Verify each finding against the current code and only fix it if needed. In `@docker/compose/docker-compose_hadoop340_hive313_spark401_arm64.yml` around lines 227 - 240, Update the minio service block to replace deprecated environment variables and pin the image: change MINIO_ACCESS_KEY and MINIO_SECRET_KEY to MINIO_ROOT_USER and MINIO_ROOT_PASSWORD in the environment list for the minio service, and replace the image value minio/minio:latest with a specific release tag (for example RELEASE.2024-12-18T13-15-44Z) to ensure reproducible builds while keeping the existing hostname, container_name, ports, volumes, and command unchanged.
🤖 Prompt for all review comments with AI agents
Verify each finding against the current code and only fix it if needed.
Inline comments:
In `@docker/compose/docker-compose_hadoop340_hive313_spark401_amd64.yml`:
- Around line 18-35: The namenode service (image
apachehudi/hudi-hadoop_3.4.0-namenode:latest, container_name namenode) is
missing a volumes mount for the declared named volume that should persist
NameNode metadata; add a volumes: section to the namenode service and mount the
declared volume into the NameNode data directory used by the image (e.g., add "-
<your_named_volume>:/hadoop/dfs/name" under the namenode service) so the HDFS
namespace is persisted across container recreates.

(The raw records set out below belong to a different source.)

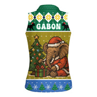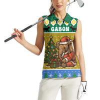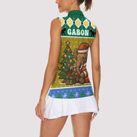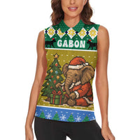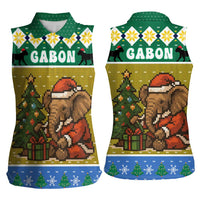 Gabon Christmas Women Sleeveless Polo Shirt with Pixel Art Elephant Santa Christmas Tree and Flag Colors Pattern TS04
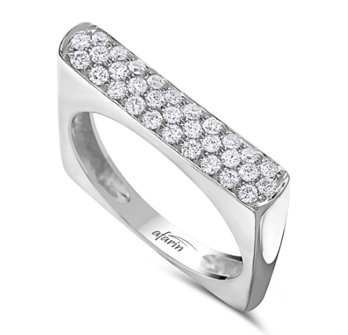This modern, geometric ring is crafted in polished 18K white gold, featuring a sleek rectangular bar design adorned with 24 pavé-set round brilliant-cut diamonds totaling 0.37 carats. Its contemporary silhouette offers a bold yet refined style, perfect for making a chic statement. HR12558
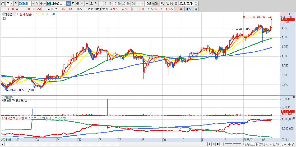 - 화승인더 (4,980원 ▲ 3.75% , 시총: 2,755억, 거래량: 453,978, 거래대금:23억, KOSPI)
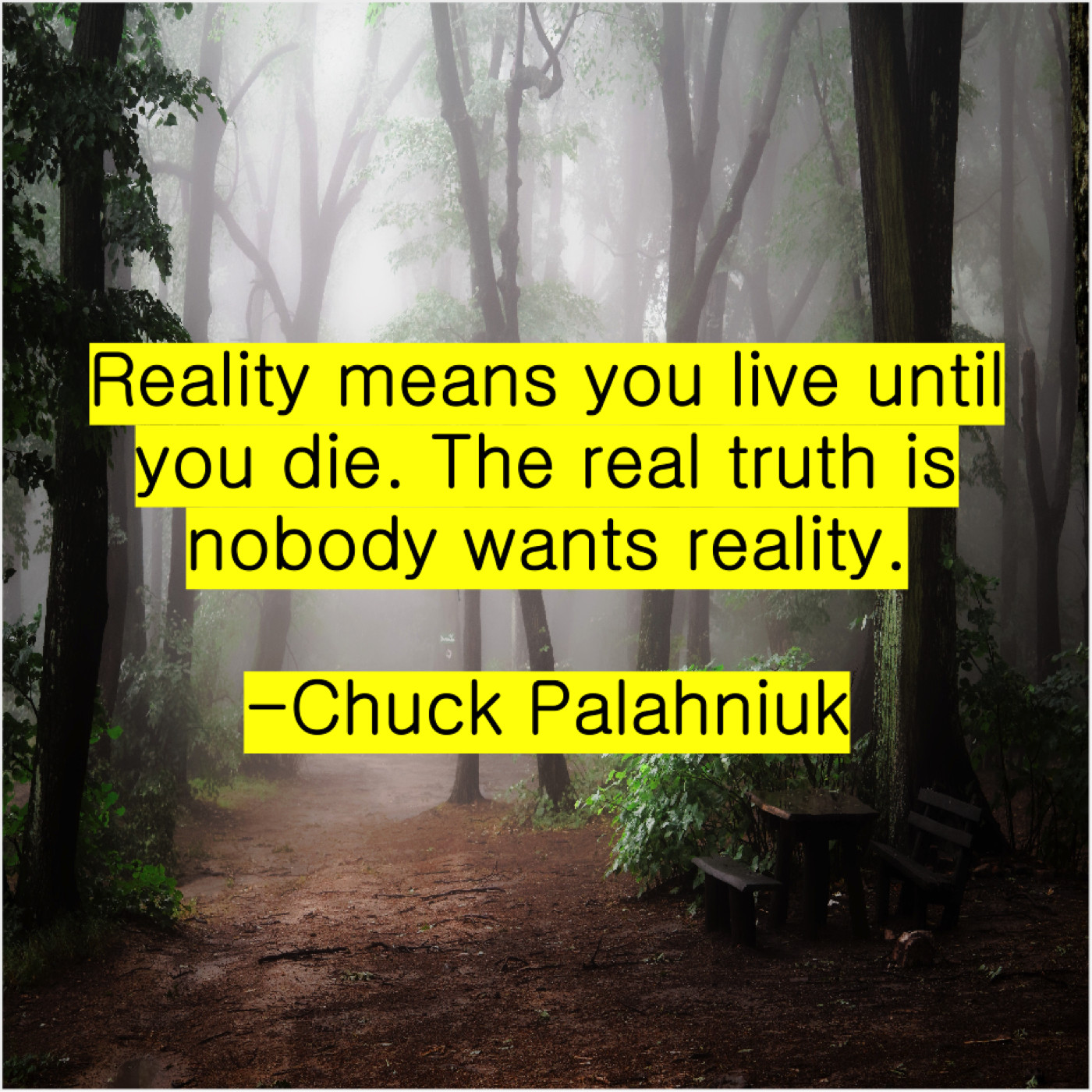 Chuck Palahniuk Chuck Palahniuk – Reality means you live until… November 11, 2018 admin “Reality means you live until you die. The real truth is nobody wants reality.”-Chuck Palahniuk
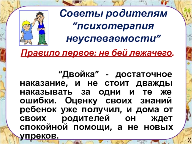 Слайд 9Советы родителям “психотерапия неуспеваемости”
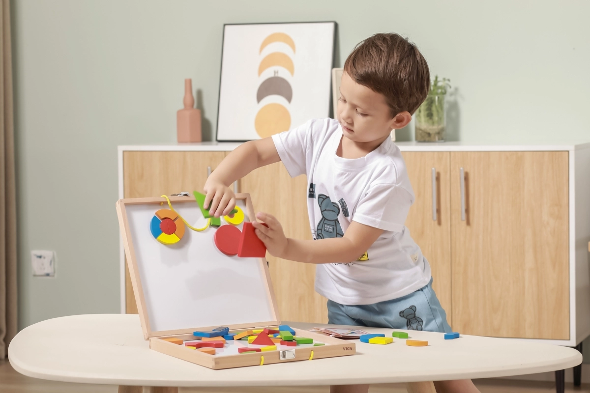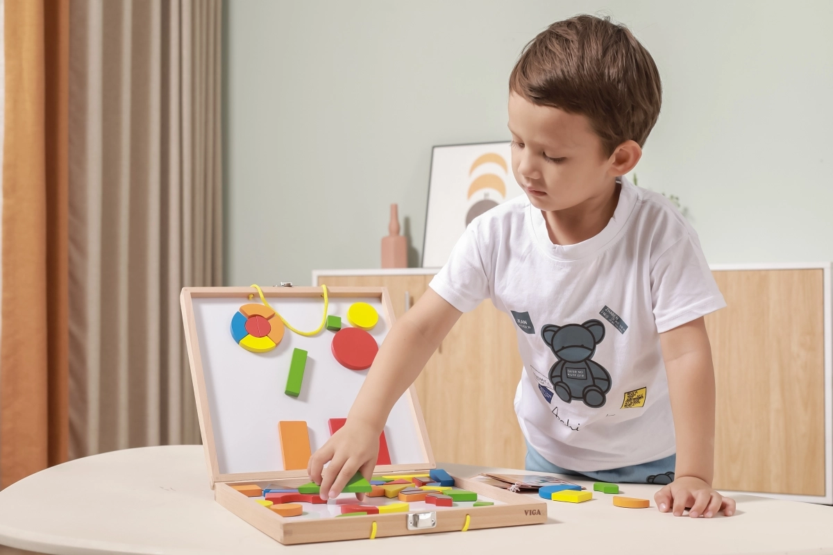 Šis universalus magnetinis konstruktorius suteikia vaikams begalę galimybių dėlioti formas, paveikslėlius ir paprastas mozaikas. Abi vidinės lagamino pusės veikia kaip magnetinė lenta, todėl detalės tvirtai laikosi vietoje, o kūrimas yra patogus ir aiškus. Dėl kompaktiškų matmenų idealiai tinka kelionėms, automobiliui ar svečiuose.
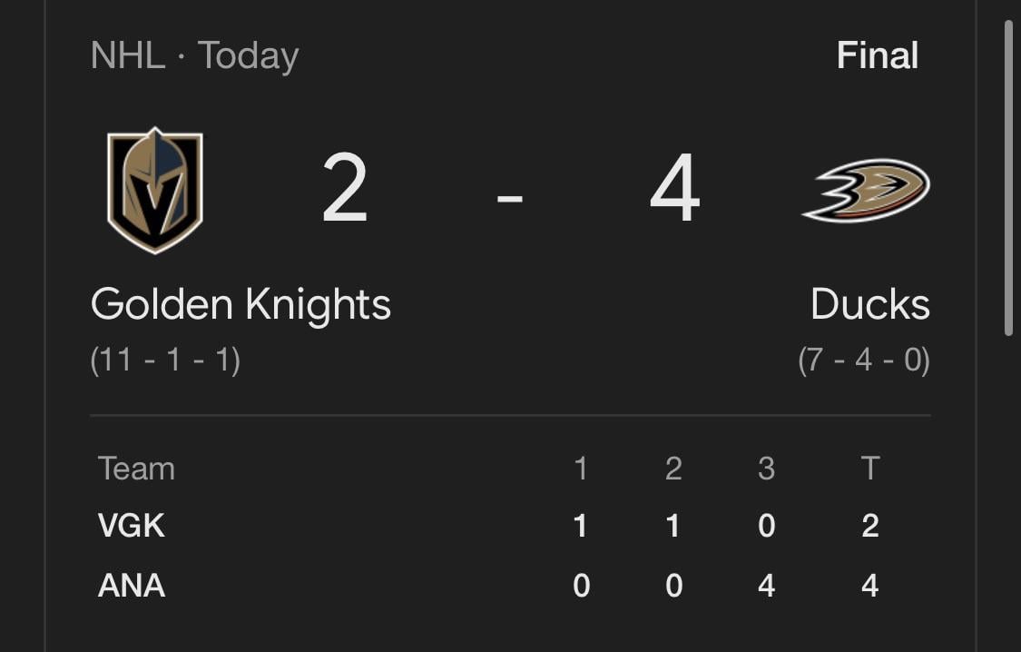 I couldn’t be prouder for my previously favorite team the ducks definitely deserve this win they served Vegas their first true defeat this year good on them, now they just need to bring back their old logo completely and all will be well
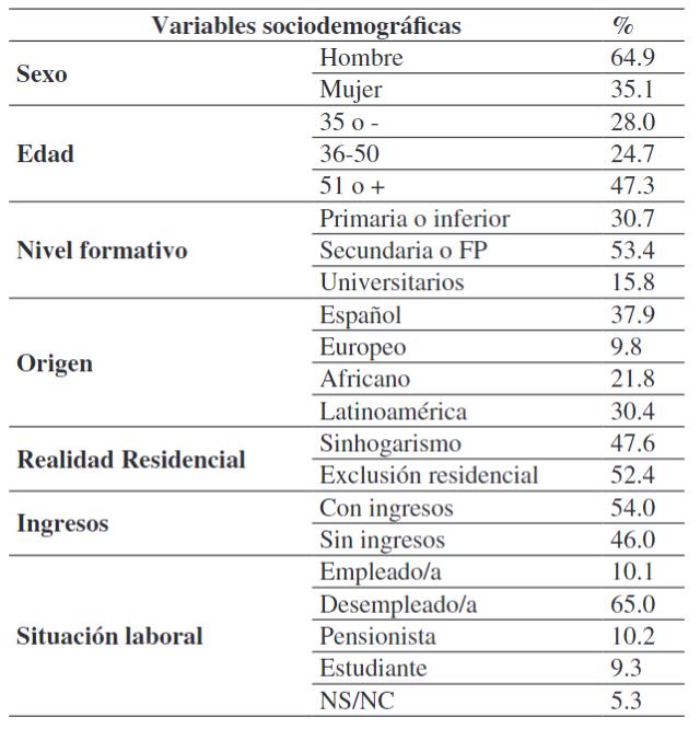 La edad media de la muestra es de 46.29 años (SD = 14.76; mínimo 19 máximo 80). De manera concreta, el 28% tiene 35 años o menos; el 24.7% tiene entre 36 y 50 años; y el 47.3% tiene 51 años o más. El 35.1% de las PsSH participantes son mujeres y el 64.9% son hombres. Además, el 37.9% son de nacionalidad española, teniendo nacionalidad extranjera el 62.1% (el 9.9% de otro país europeo; el 21.8% de un país africano y el 30.4% de un país latinoamericano). En cuanto a la situación residencial, el 47.6% de las PsSH se encuentran en situación de sinhogarismo y el 52.4% están en situación de exclusión residencial. Respecto al nivel formativo, más de la mitad (53.4%) de las PsSH participantes refieren tener estudios secundarios o de Formación Profesional, cifra similar a las personas participantes que afirman disponer de algún tipo de ingreso económico en el momento de ser entrevistadas (54%). Respecto a la situación laboral, se trata de una muestra mayoritariamente en situación de desempleo (65%), aunque destaca que en torno al 10% refieren estar trabajando (10.1%), ser pensionistas (10.2%) o estar estudiando (9.3%). Estos datos se encuentran resumidos en la tabla 1.

In `@docker/hoodie/hadoop/base_java17/Dockerfile`:
- Around line 30-39: The Dockerfile for base_java17 is missing the safe
creation/check for /etc/hadoop/mapred-site.xml which entrypoint.sh expects when
calling addProperty; update the RUN step that extracts Hadoop (the block using
HADOOP_URL, tar -xvf, ln -s, mkdir /hadoop-data) to also create or copy a
default mapred-site.xml if it doesn't exist (match the logic in base_java11) —
e.g., test for /etc/hadoop/mapred-site.xml and if absent copy
/opt/hadoop-$HADOOP_VERSION/etc/hadoop/mapred-site.xml.template or touch a file
so addProperty in entrypoint.sh can safely modify it. Ensure you reference the
same HADOOP_VERSION path and /etc/hadoop symlink so addProperty and
entrypoint.sh find the file.
In `@docker/hoodie/hadoop/base_java17/entrypoint.sh`:
- Around line 80-81: The MAPRED section incorrectly adds the YARN property via
the addProperty call targeting /etc/hadoop/mapred-site.xml with key
yarn.nodemanager.bind-host; remove this addProperty line or move it to the
appropriate YARN config (e.g. use addProperty against /etc/hadoop/yarn-site.xml
for yarn.nodemanager.bind-host) and ensure the MAPRED block only contains
MapReduce-specific properties.
- Around line 76-77: Duplicate addition of the same Hadoop property is
happening: remove the redundant addProperty call so yarn.nodemanager.bind-host
is only added once, or replace the second addProperty invocation with a guard
that checks yarn-site.xml for an existing yarn.nodemanager.bind-host entry
before adding; locate the addProperty calls (symbol: addProperty) targeting
yarn-site.xml and ensure only a single write for yarn.nodemanager.bind-host
occurs.
In `@docker/hoodie/hadoop/base_java17/export_container_ip.sh`:
- Around line 29-30: The export in /usr/bin/export_container_ip.sh only affects
its subprocess, so entrypoint.sh won't see MY_CONTAINER_IP; fix by either (A)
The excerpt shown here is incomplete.